WHAT YOU ARE ASKED TO DO:
When you retype the data, keep every word exactly and include none of the pictures.

PROVIDED RECORDS:
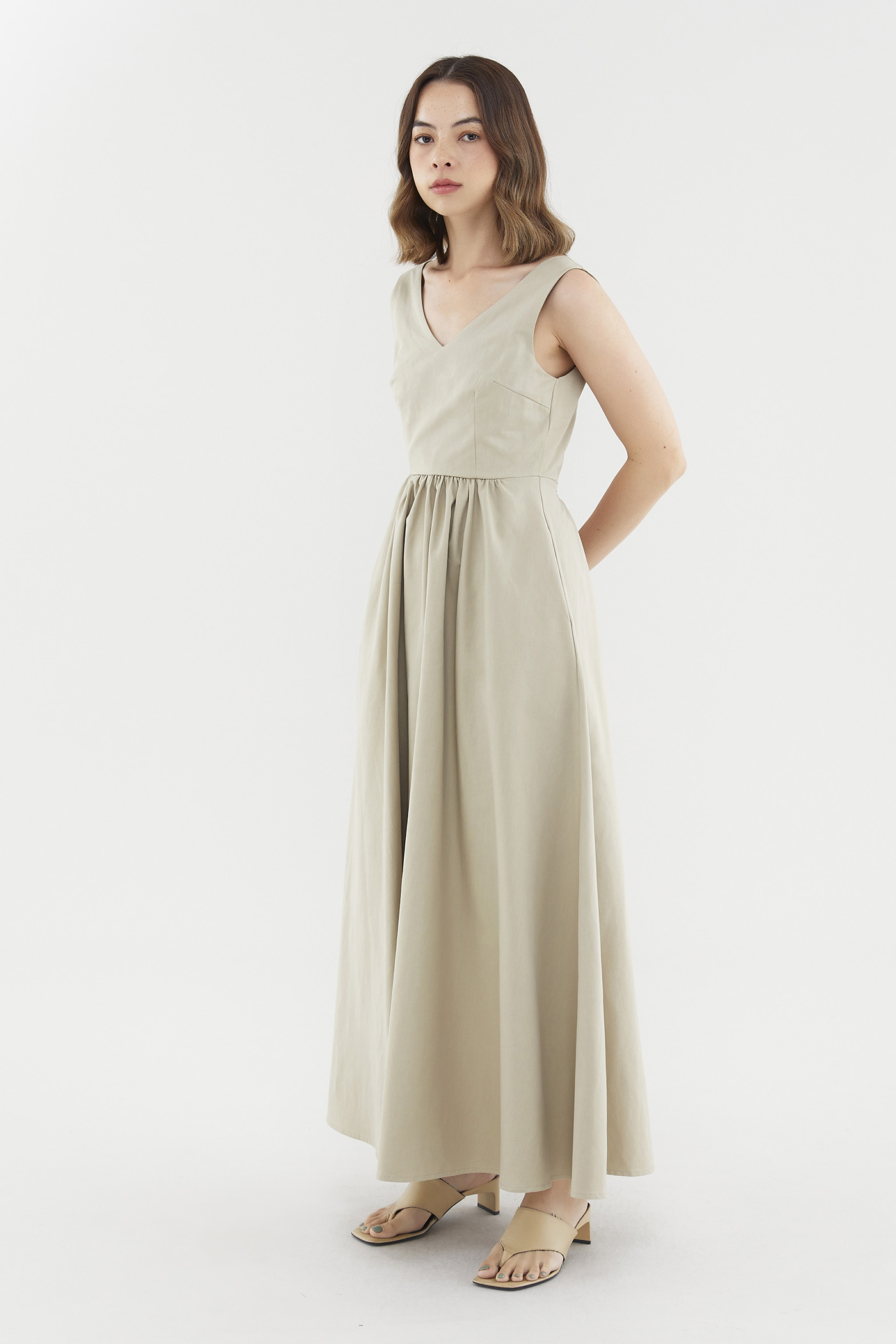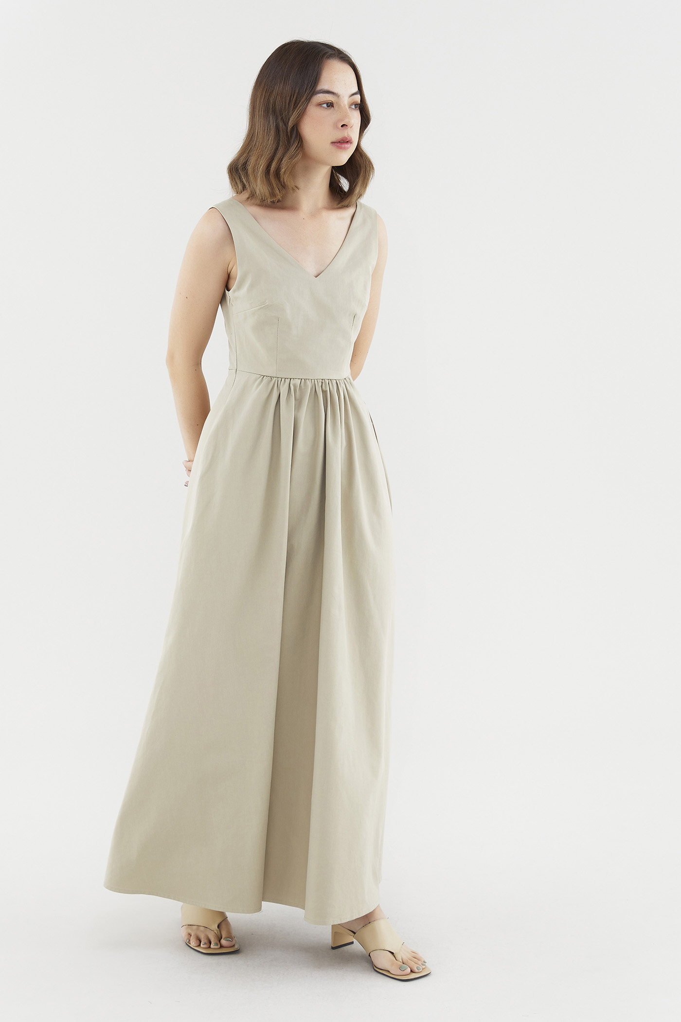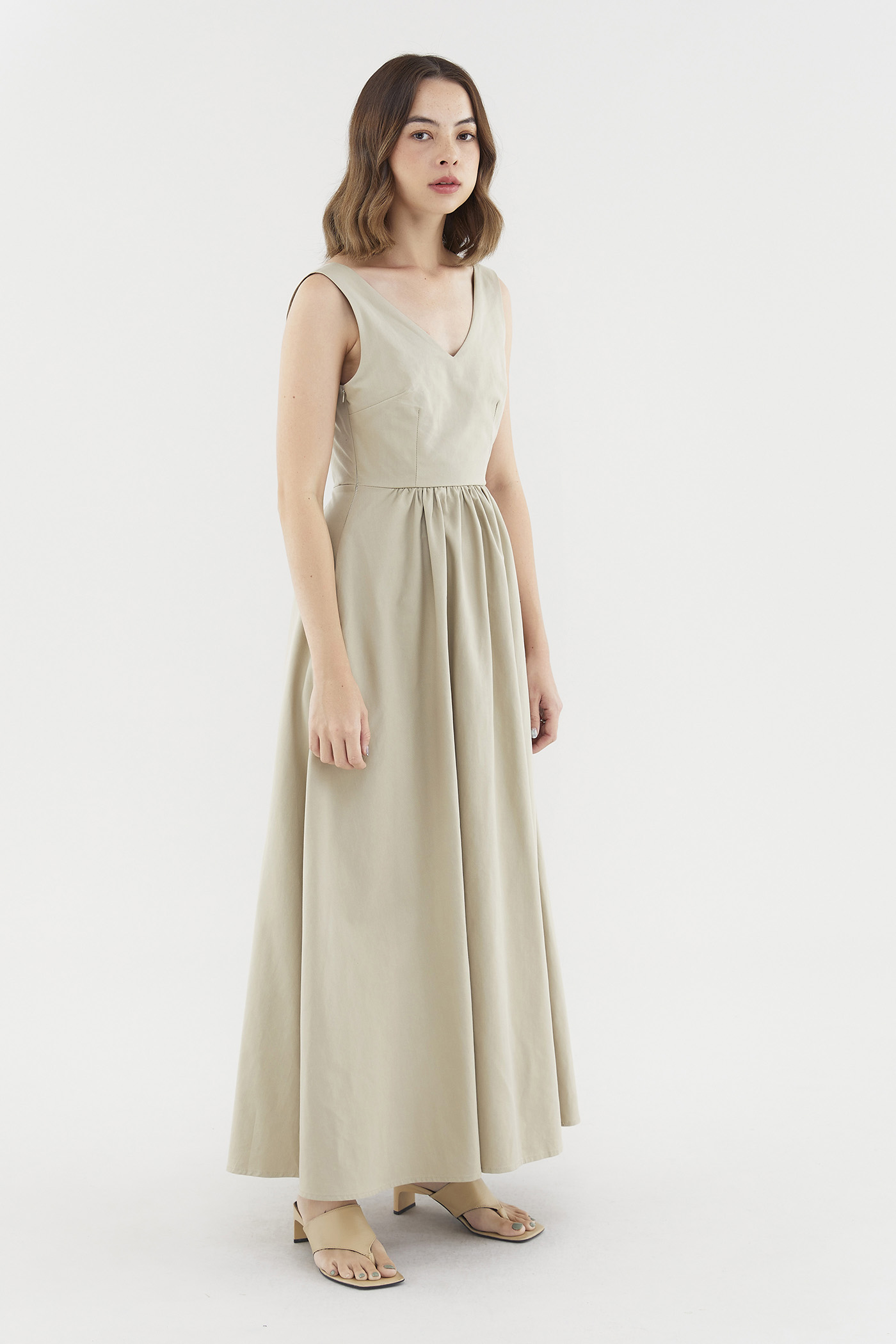 Occasion ready. Cut from non-stretch, softly tailored fabric, this sleeveless maxi dress features a deep V-neckline, wide non-adjustable shoulder straps, a back cutout with a centre strap, a fitted, partially elasticated waist and a side zip closure. Worn in a flattering A-line silhouette that fits slimmer through the bodice before flaring out in a relaxed skirt.
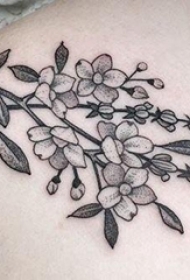 女生肩部黑灰点刺简单线条小清新植物花朵纹身图片
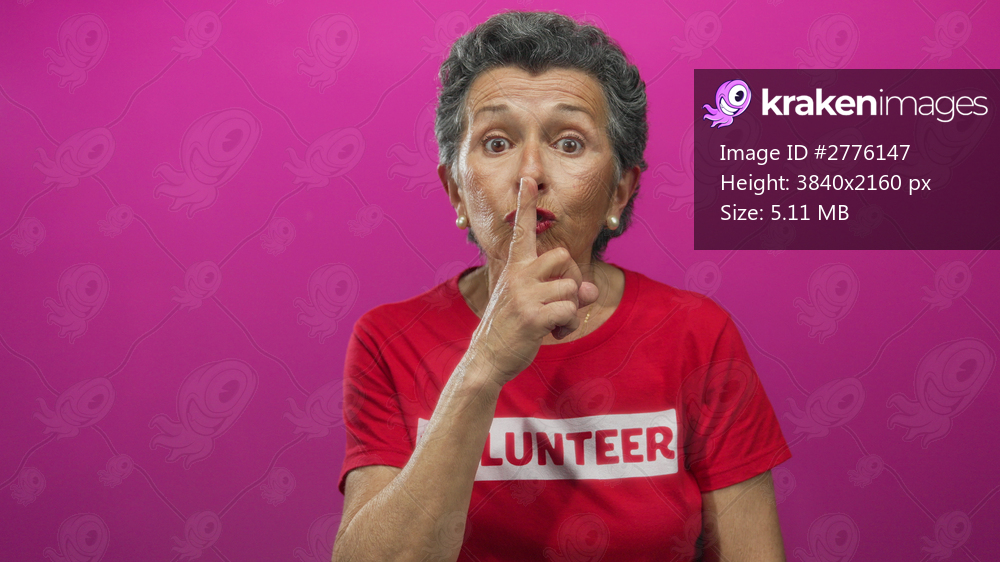 Senior woman with grey hair wearing a volunteer shirt gestures for silence against a vibrant pink background, conveying a message of quiet and introspection. - Kraken Images
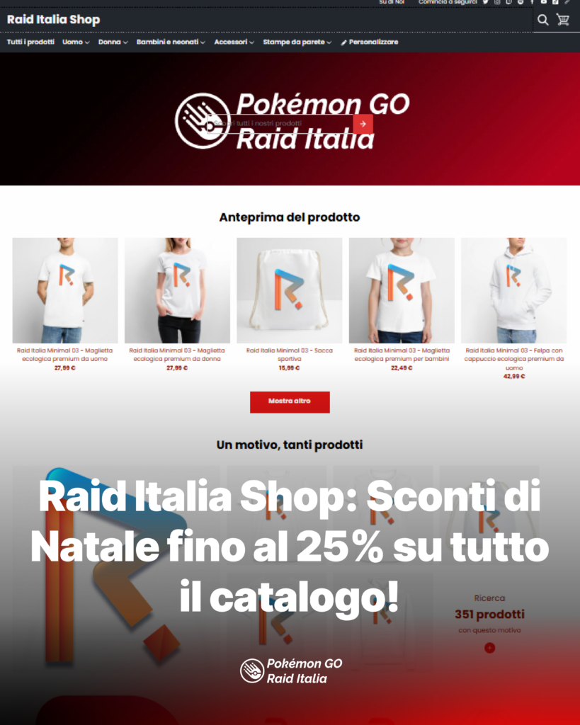 Un’occasione imperdibile per risparmiare durante le festività e supportare la community di Pokémon Go Raid Italia, restando sempre aggiornati su novità, offerte e iniziative dedicate agli Allenatori.
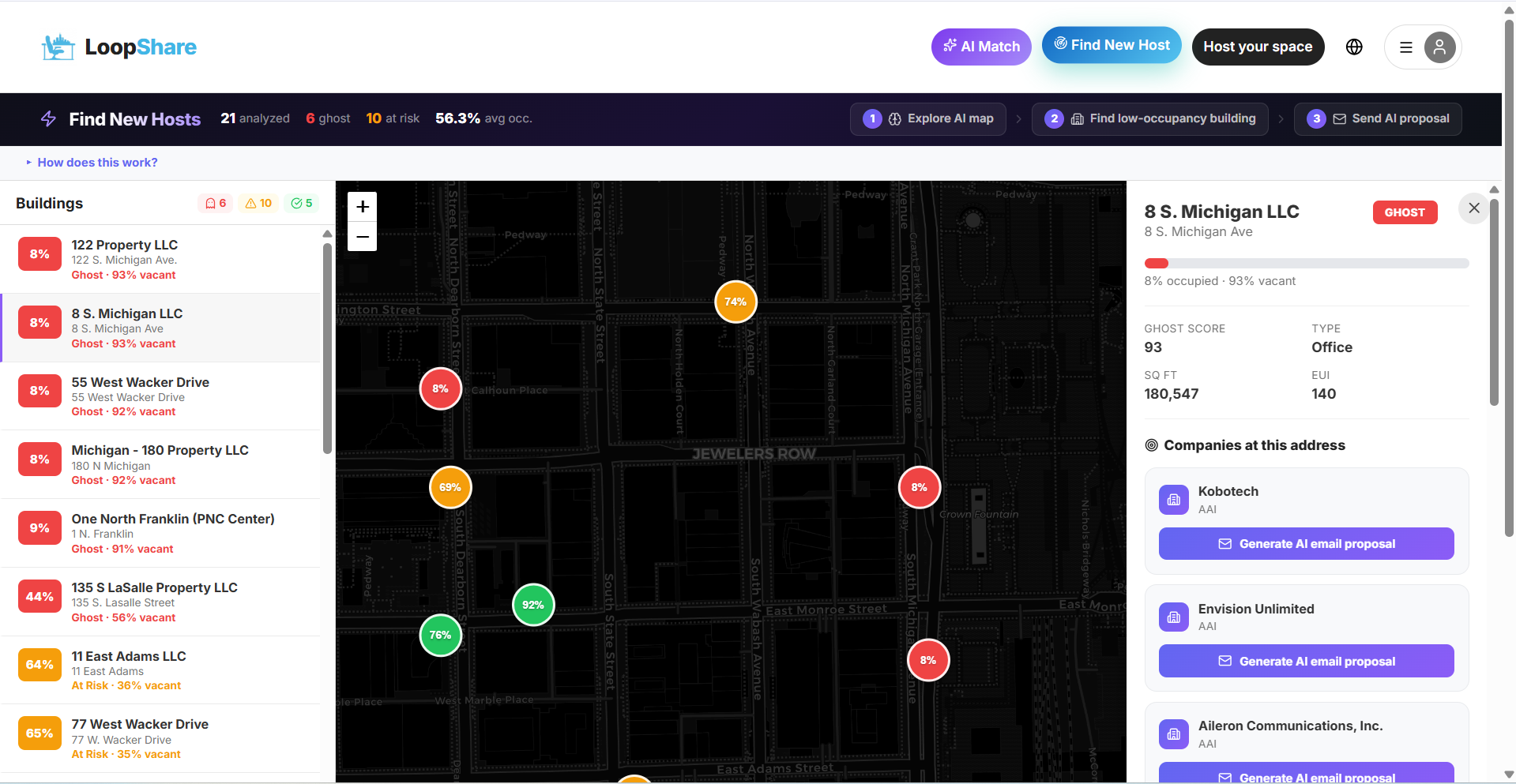 By using Chicago’s public data, we identify "ghost buildings" before they even think about listing. Our platform reaches out to these owners automatically to help them rent out their unused desks to small businesses that need a place to work. This brings people back to the area and helps the whole local economy thrive again.
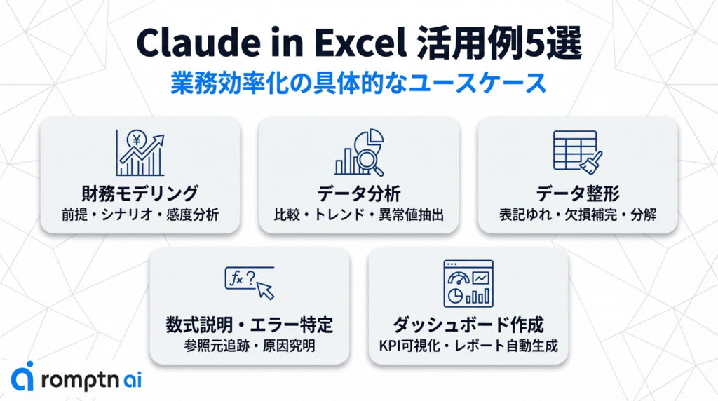 ここからは、Claude in Excelの代表的な活用例を5つ紹介します。どれも「Excelで作業しながら、Claudeに依頼→根拠セルを確認→必要なら反映」という流れで進めると、事故が少なく再現性も高いです。
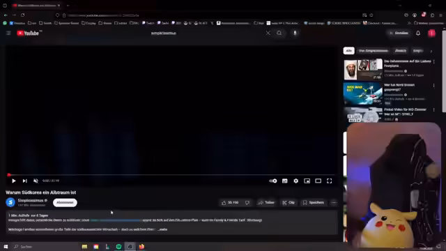 02:40:17Es wird überlegt, welches YouTube-Video als nächstes im Stream reagiert werden soll. Die Wahl fällt zunächst auf ein Video von Simplicissimus über Südkorea, nachdem ein bereits gesehenes Kurzgesagt-Video verworfen wurde. Die Streamerin kündigt an, sich während des Videos Essen zu holen und bedankt sich bei einem Zuschauer für ein Abonnement. Es wird ein weiteres vorgeschlagenes Video über TikTok-Trends in Betracht gezogen, bevor die Entscheidung endgültig auf das Südkorea-Video fällt. Die Streamerin verabschiedet sich kurz, um Essen zu holen, und bereitet das Video für die Zuschauer vor.
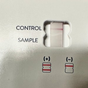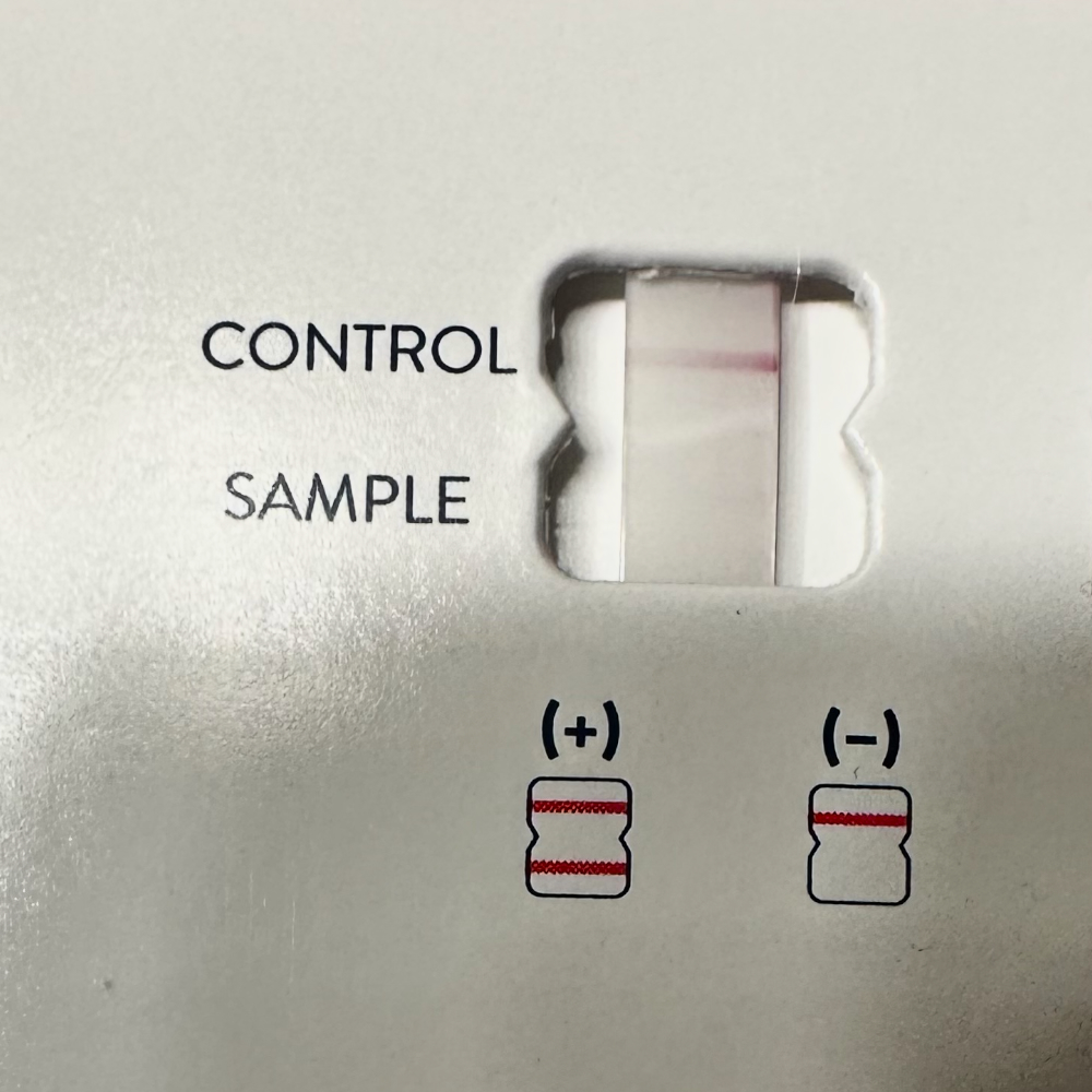 The instructions say to look VERY closely because even the faintest hint of a line should be considered a positive result. There is a faint hint but compared to my other test results that were clearly positive, we take this to indicate the virus is losing its command over me.

RESULT:
 Occasion ready. Cut from non-stretch, softly tailored fabric, this sleeveless maxi dress features a deep V-neckline, wide non-adjustable shoulder straps, a back cutout with a centre strap, a fitted, partially elasticated waist and a side zip closure. Worn in a flattering A-line silhouette that fits slimmer through the bodice before flaring out in a relaxed skirt.
 女生肩部黑灰点刺简单线条小清新植物花朵纹身图片
 Senior woman with grey hair wearing a volunteer shirt gestures for silence against a vibrant pink background, conveying a message of quiet and introspection. - Kraken Images
 Un’occasione imperdibile per risparmiare durante le festività e supportare la community di Pokémon Go Raid Italia, restando sempre aggiornati su novità, offerte e iniziative dedicate agli Allenatori.
 By using Chicago’s public data, we identify "ghost buildings" before they even think about listing. Our platform reaches out to these owners automatically to help them rent out their unused desks to small businesses that need a place to work. This brings people back to the area and helps the whole local economy thrive again.
 ここからは、Claude in Excelの代表的な活用例を5つ紹介します。どれも「Excelで作業しながら、Claudeに依頼→根拠セルを確認→必要なら反映」という流れで進めると、事故が少なく再現性も高いです。
 02:40:17Es wird überlegt, welches YouTube-Video als nächstes im Stream reagiert werden soll. Die Wahl fällt zunächst auf ein Video von Simplicissimus über Südkorea, nachdem ein bereits gesehenes Kurzgesagt-Video verworfen wurde. Die Streamerin kündigt an, sich während des Videos Essen zu holen und bedankt sich bei einem Zuschauer für ein Abonnement. Es wird ein weiteres vorgeschlagenes Video über TikTok-Trends in Betracht gezogen, bevor die Entscheidung endgültig auf das Südkorea-Video fällt. Die Streamerin verabschiedet sich kurz, um Essen zu holen, und bereitet das Video für die Zuschauer vor.
 The instructions say to look VERY closely because even the faintest hint of a line should be considered a positive result. There is a faint hint but compared to my other test results that were clearly positive, we take this to indicate the virus is losing its command over me.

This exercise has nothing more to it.